Monday, August 19, 2013

"The Distracted Mind" by Irene Madrid

From LPB co-founder Irene Madrid.  Grandmother, lifetime credentialed teacher, child lover and studier:

Developing attention, focus and questioning the concept of multi-tasking has recently been in the news along with how electronics affect the wiring of our brains.

In the DVD "The Distracted Mind," with neuroscientist Dr. Adam Gazzaley, the myth of multitasking comes to fact in his lab at UCSF.

While our brain enjoys the challenge of doing several things at once, brain scans reveal the prefrontal cortex (the discerning and decision making areas of the brain) shows that activity jumps around from one part of the brain to another, as attention shifts.

One statistic showed that when we are driving and using a hands free phone, it places us in four times the risk of an accident.

Utilizing this information for best learning outcomes in children, we know focusing on one piece of information at a time is optimal.

There is a lot we can do to enhance our children's learning and attention span.  If a task is very important, says Dr. Gazzaley, then TV, the iPhone or other distraction brings poor results.  If the activities are fun and don't need accuracy, it can be consciously chosen in a recreational way.

In his lab, Dr. Gazzaley has measured the amount of undeveloped prefrontal cortex from children ages 5 to 20.  The more green areas that showed up, the less able the person was to make good decisions.  Even 20 year olds have pockets of green!  Of course, that is why asking a child their opinion for doing chores, learning to swim or what they wish to eat for dinner makes very little sense.

As children grow, a good way to help decision making is to give limited choices in small things.  When children show they can handle making good decisions, choices can also grow.

More concerns in neuroscience today are the issues of possible addiction to electronics.  Electronics are taking the place of social interaction and experts say studies indicate less empathy development with lots of electronic use.
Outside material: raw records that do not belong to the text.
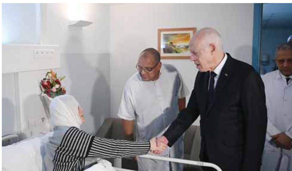
TUNIS - Tunisia President Kais Saied (R, Front) visits a Palestinian patient at a hospital in, Tunisia, on Sunday. Saied said that all the injured Palestinians admitted to Tunisian hospitals will receive necessary treatment and return in good health to their homeland, according to the Tunisian presidency.

Titled How Factory Farming Emissions Are Worsening Climate Disasters in the Global South, the WAP report stated that attaining net-zero targets could be a mirage unless demand for animal-based protein dips significantly. "Factory farming is contributing at least 11 percent to global greenhouse gas emissions, escalating climate disasters like heatwaves, cyclones, droughts and flooding." Xinhua
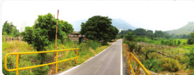
道路擴闊前 Before road widening

The Eastern Section (between Tsung Yuen Ha and Lin Ma Hang) of the Lin Ma Hang Road Widening Works is a Designated Project under the Environmental Impact Assessment Ordinance. A series of surveys and investigations were completed. Considering factors such as environmental impacts, land issues, traffic flow and other engineering elements, we have formulated the preliminary design scheme for the Project. We are now inviting public views to refine the design of the road and associated facilities.
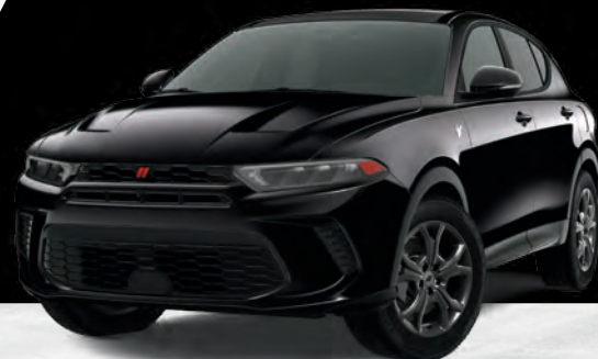
8 BALL (PXN)

In the movie "Avatar," they greet each other with, "I see you."  We now know when children beg caregivers to, "Watch me!", this helps children to enhance their self identification.  There is hard wiring from the brain to the eyes which responds positively to being seen.

Dr. Gazzaley relates the story of two third grade girls who went to opposite sides of the playground so they could text each other.  Since 97% of our communication comes from body language and voices, this is how we socialize and communicate best.

Dr. Gazzaley interviewed high school students who admit that when they cannot use their electronics, they become filled with anxiety.  The teens also admitted when they have boundaries for electronics, they have better scholastic and social outcomes.

More studies need to be done and more scientists are interested in this broad field.  In the meantime, we can use this information for our families.